И слышно, как закрывается дверь Дусиной комнаты.
— Ничего, я прошу тебя, не говори брату. И… ты можешь закрасить так, — и она гладит рукой двери, на которых Адам и Ева стоят в раю, — так, чтобы потом можно было смыть?
— Да, мама.
— Сделай завтра же! Но сделай так, чтобы сохранилось… Мне так дорого…
— Да, мама!
И мы идем в комнату.
— А где же молоко? — брат уже сидит с ложкой.
— Сегодня не будет молока, — спокойно отвечает мама.
— Как тогда не было булочек?
— Да.
— Это будет завтра?
— Возможно, завтра.
Мы садимся за стол. Мама сыплет в стаканы сушеную морковь, заливает ее кипятком и дает нам по тонкому ломтю хлеба. Мы посыпаем его солью и пьем морковный чай.
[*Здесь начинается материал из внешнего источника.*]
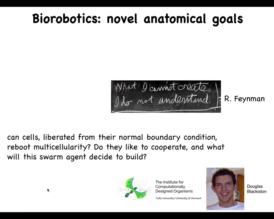 We're going to talk about bio-robotics and specifically this idea of novel anatomical goals. I've shown you systems that pursue evolved anatomical goals, such as having a proper face, the proper number of heads, the proper structure of the brain. But what about novel systems? Where do they get their goals, and what are their goals?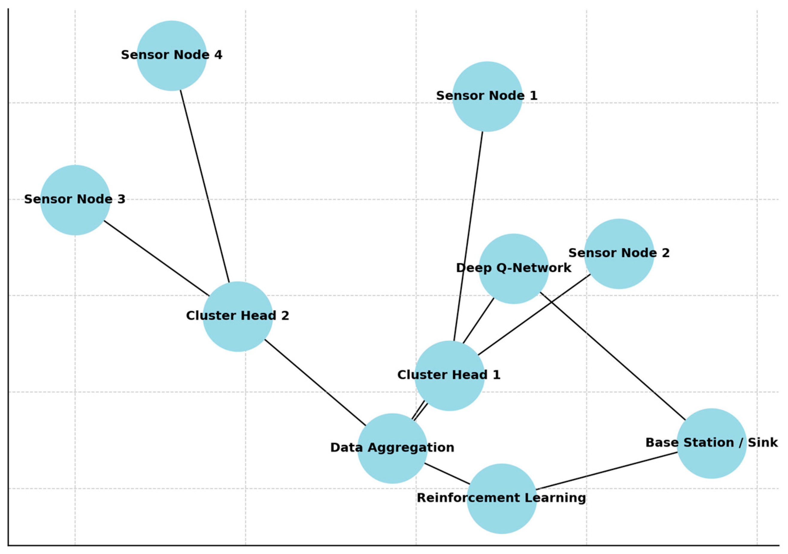 11]. RL enables distributed decision-making by allowing nodes to learn from their interactions with the network environment and adapt strategies that optimize long-term energy efficiency and reliability. Deep Reinforcement Learning (DRL), and specifically Deep Q-Networks (DQNs), further enhance this capability by approximating Q-values through deep neural networks, thereby enabling efficient learning in large-scale state-action spaces inherent to WSNs [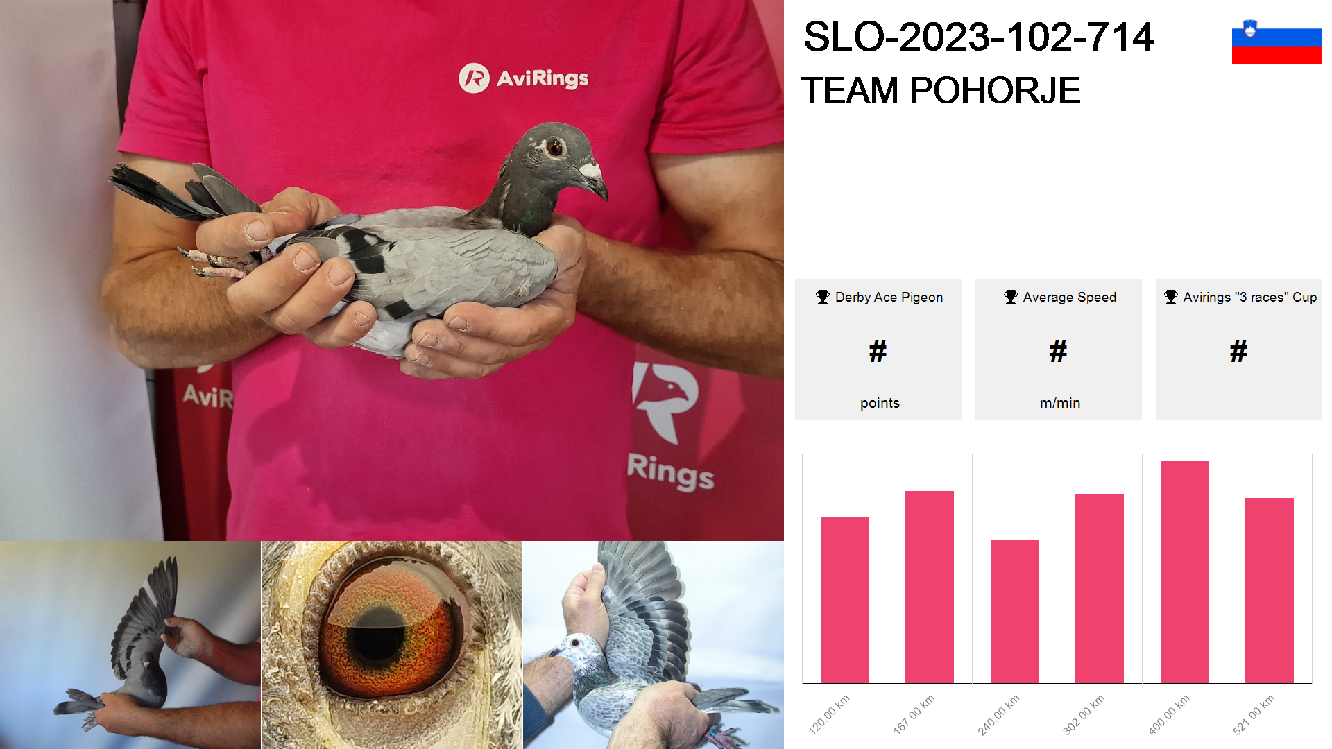 | Race | Position | Number of pigeons | Percent | Speed | Distance |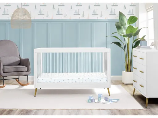 The Sloane 4-in-1 convertible crib is fashionable and functional, adjusting to your changing needs over time. In neutral colors that match just about any room decor, it transforms into a toddler bed, sofa and daybed as your child grows. Splayed bronze-tone feet add a polished look, and clear acrylic spindles create an open, airy feel. To complete the nursery, pair this crib with the Sloane 4-drawer dresser with changing top.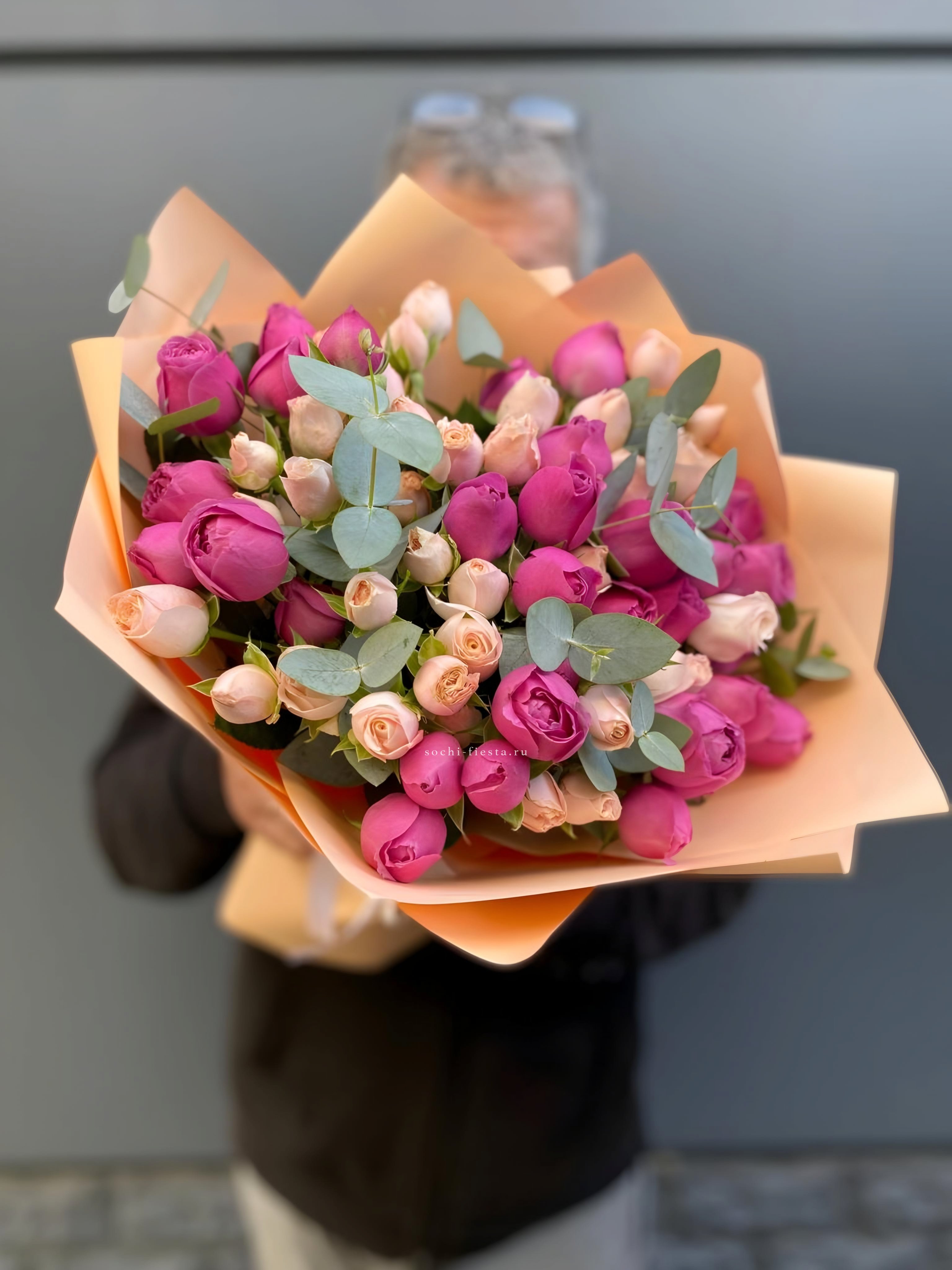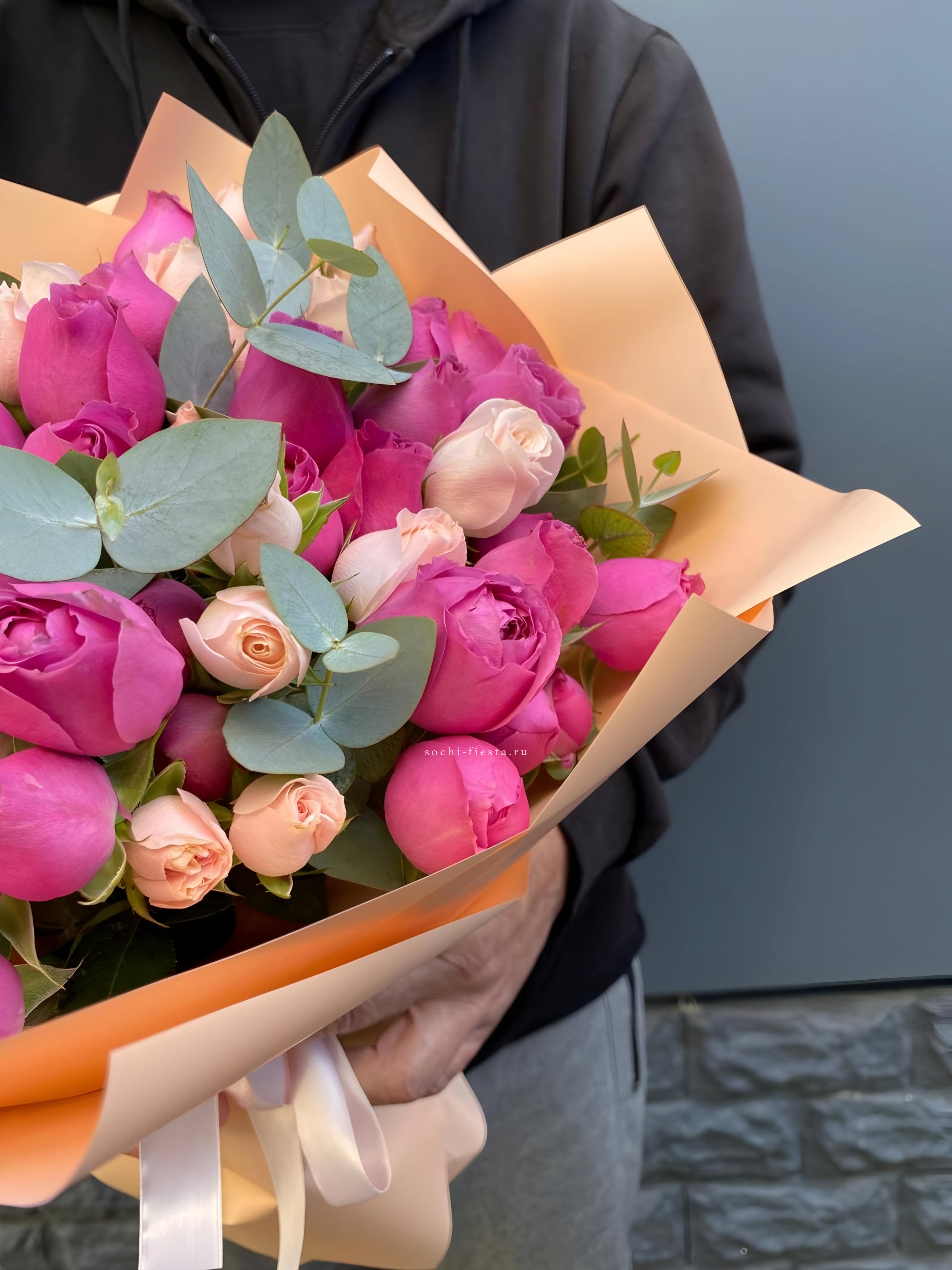 25 пионовидные кустовые розы,  хлопок, лента, дизайнерская упаковка.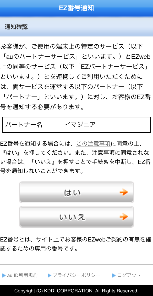 ●「EZ番号通知」画面で「はい」と選択下さい。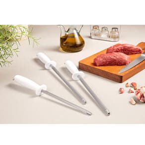 Afiador de Facas Chaira Masterline Mundial 12' em Aço Carbono e Cabo em Polipropileno Branco.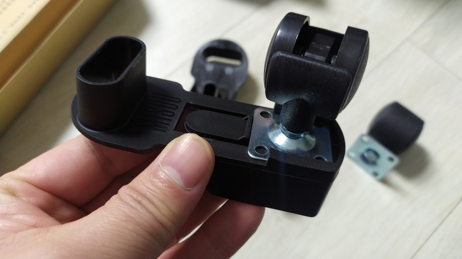 하단 미끄럼 방지 패드를 제거했다면 이번에는 바퀴를 장착하면 된다. 위 사진과 동일하게 장착해본다.

— Мама, — спрашивает брат, — а почему сахар, молоко и все вкусное делали только до войны?
— Их делают и сейчас, но мало людей и некому работать.
— Мало — потому, что все убиты?
— Да… Не все, но многие.
— Я бы никогда не убивал людей… Пусть бы жили, кто как хочет. Ведь они не знают, что живут неправильно, значит, они и не виноваты.
Мы заканчиваем чаепитие. В желудке у меня урчит. Тихо, холодно. Мама задумчиво сидит в кресле.
Я ложусь рядом с братом. Он начинает сопеть, поворачивается на бок. А в коридоре — тихие шаги, замирающие у нашей двери.
— …Отец нарисовал ее, — и я понимаю, что мама говорит о той картине на дверях, которую я должен завтра закрасить, — когда мы поженились…
— Значит, это он — Адам?
Она кивает.
— А Ева… ты?
— Да. Так он хотел нарисовать нас… в те дни.
— Но почему на кухне?!
— Не знаю. Мы тогда не думали об этом. Мы хотели, чтобы все было общее… И красота тоже… Спи, и я буду ложиться.
Удаляются шаги от дверей.
— Мама! Она все время подслушивает.
— Пусть. Мне все равно. Спокойной ночи!
— Спокойной ночи!
Далекая звезда сияет в ореоле серебряных блесток инея сквозь единственное стекло нашей форточки. «И для чего, — думаю я, — она посылает нам свой свет?»
XXI
Наутро перед уходом в школу я достаю палитру моего отца. На овальной доске легкого сухого дерева с отверстием для большого пальца левой руки лежат засохшие краски — зеленая, ярко-алая, голубая, желтая и черная. Они блестят своей лаковой поверхностью — маленькие кусочки твердого засохшего вещества.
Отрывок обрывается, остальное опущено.